:: What you will do ::
Output the data verbatim, minus the images.

:: Record extracts ::
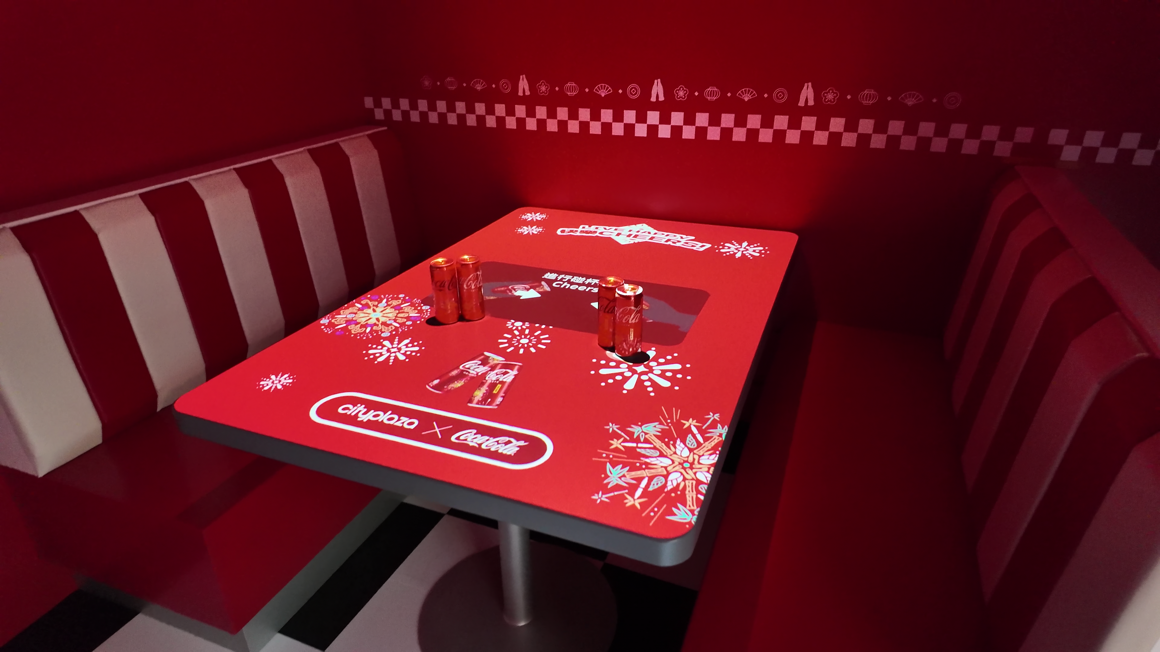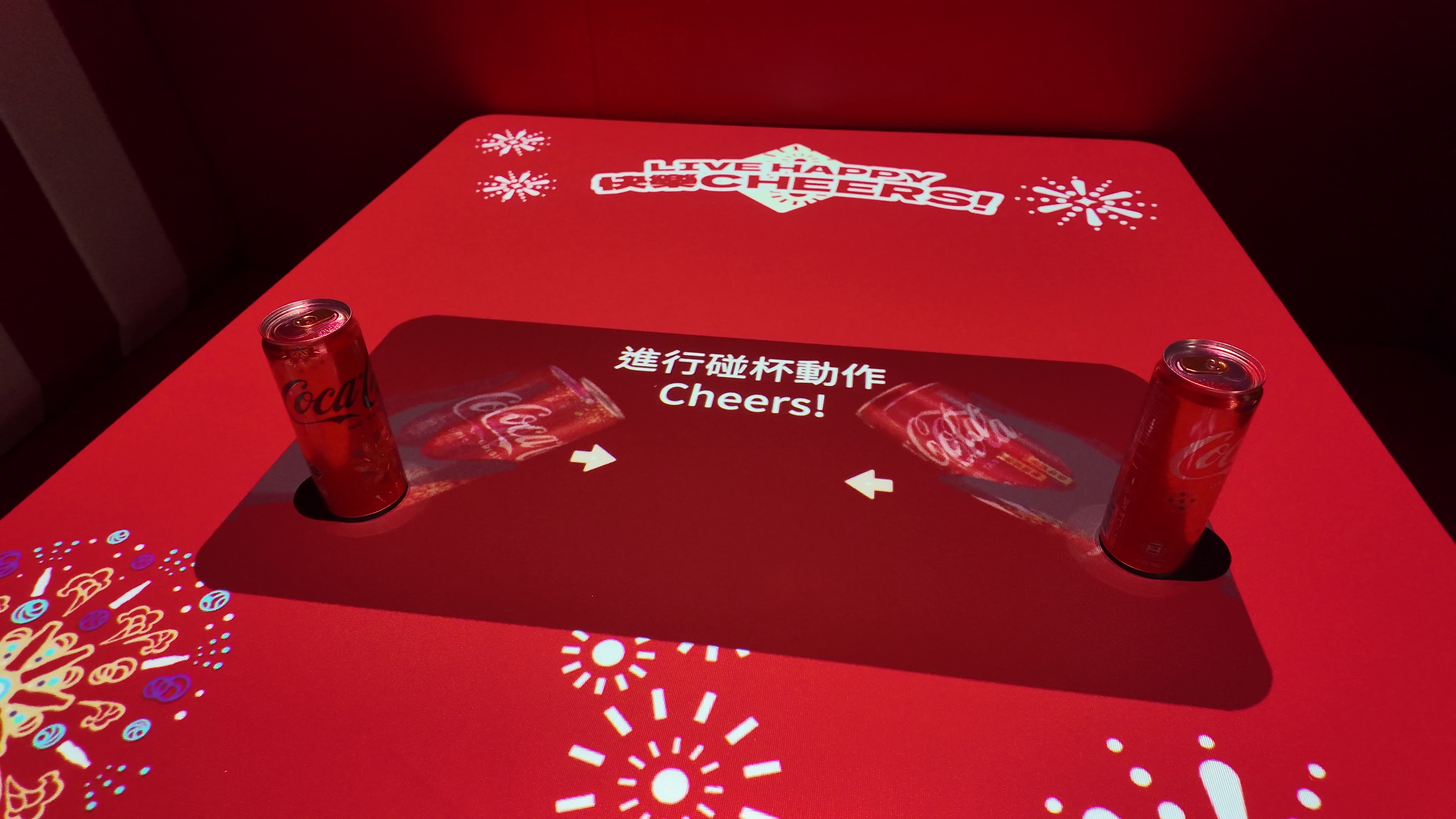 For the Cityplaza x Coca-Cola® Chinese New Year event, we developed a custom photobooth where guests can capture their joyful images to create and print a unique, personalized “Fai Chun.” Alongside this, we created an interactive table where players hold Coca-Cola bottles to cheer with one another. This physical “clinking” motion triggers vibrant projection effects on the table, simulating the excitement of a real-life celebration. Together, these elements offer guests a fun, hands-on way to participate in the New Year festivities and take home a memorable keepsake.
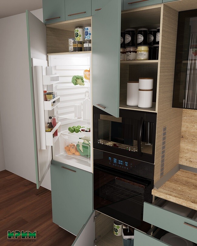 - Колонен модул с две врати с възможнст за вграждане на хладилник с височина 178см АРФ-Олив мат-11-50 - 60/59/223см
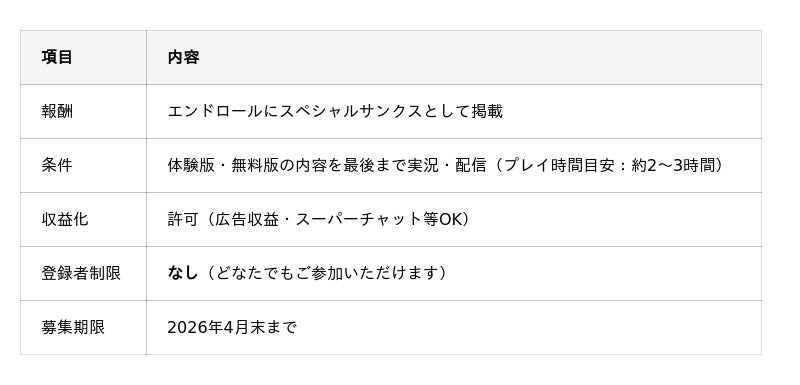 2026年第2四半期リリース予定の本作の体験版・無料版を配信・実況いただいた方を、ゲーム本編のエンドロールにスペシャルサンクスとして掲載いたします。
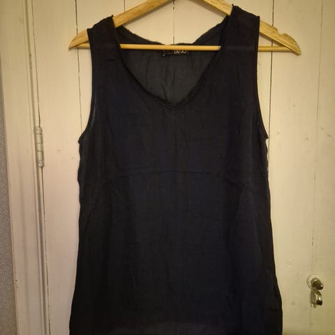 Mustavalkoinen edestä napitettava tyköistuva toppi, kunto erinomainen.
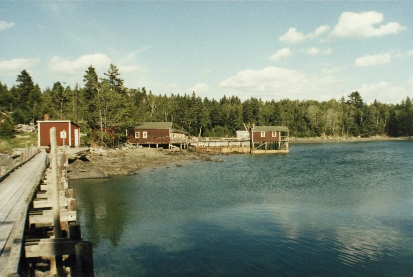 The former lobster-sorting shacks and tool sheds pictured here now stand as the site of The Bar and Pavilion. Photo courtesy of Kim Ford, 1980s.
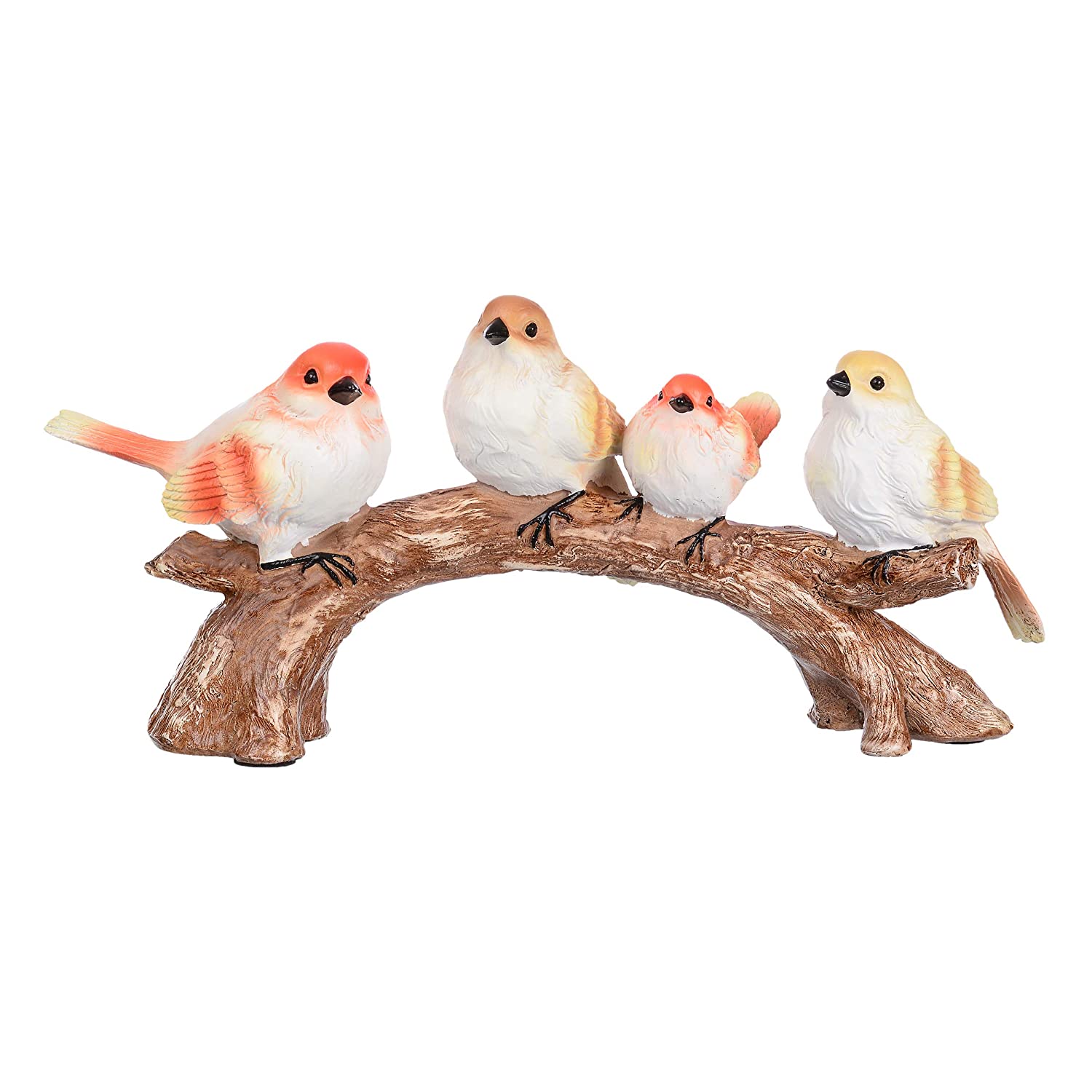 Polyresin 4 Birds Sitting On Tree Branch Figurine/Showpiece for Home Office Decor

:: Exercise answer ::
 For the Cityplaza x Coca-Cola® Chinese New Year event, we developed a custom photobooth where guests can capture their joyful images to create and print a unique, personalized “Fai Chun.” Alongside this, we created an interactive table where players hold Coca-Cola bottles to cheer with one another. This physical “clinking” motion triggers vibrant projection effects on the table, simulating the excitement of a real-life celebration. Together, these elements offer guests a fun, hands-on way to participate in the New Year festivities and take home a memorable keepsake.
 - Колонен модул с две врати с възможнст за вграждане на хладилник с височина 178см АРФ-Олив мат-11-50 - 60/59/223см
 2026年第2四半期リリース予定の本作の体験版・無料版を配信・実況いただいた方を、ゲーム本編のエンドロールにスペシャルサンクスとして掲載いたします。
 Mustavalkoinen edestä napitettava tyköistuva toppi, kunto erinomainen.
 The former lobster-sorting shacks and tool sheds pictured here now stand as the site of The Bar and Pavilion. Photo courtesy of Kim Ford, 1980s.
 Polyresin 4 Birds Sitting On Tree Branch Figurine/Showpiece for Home Office Decor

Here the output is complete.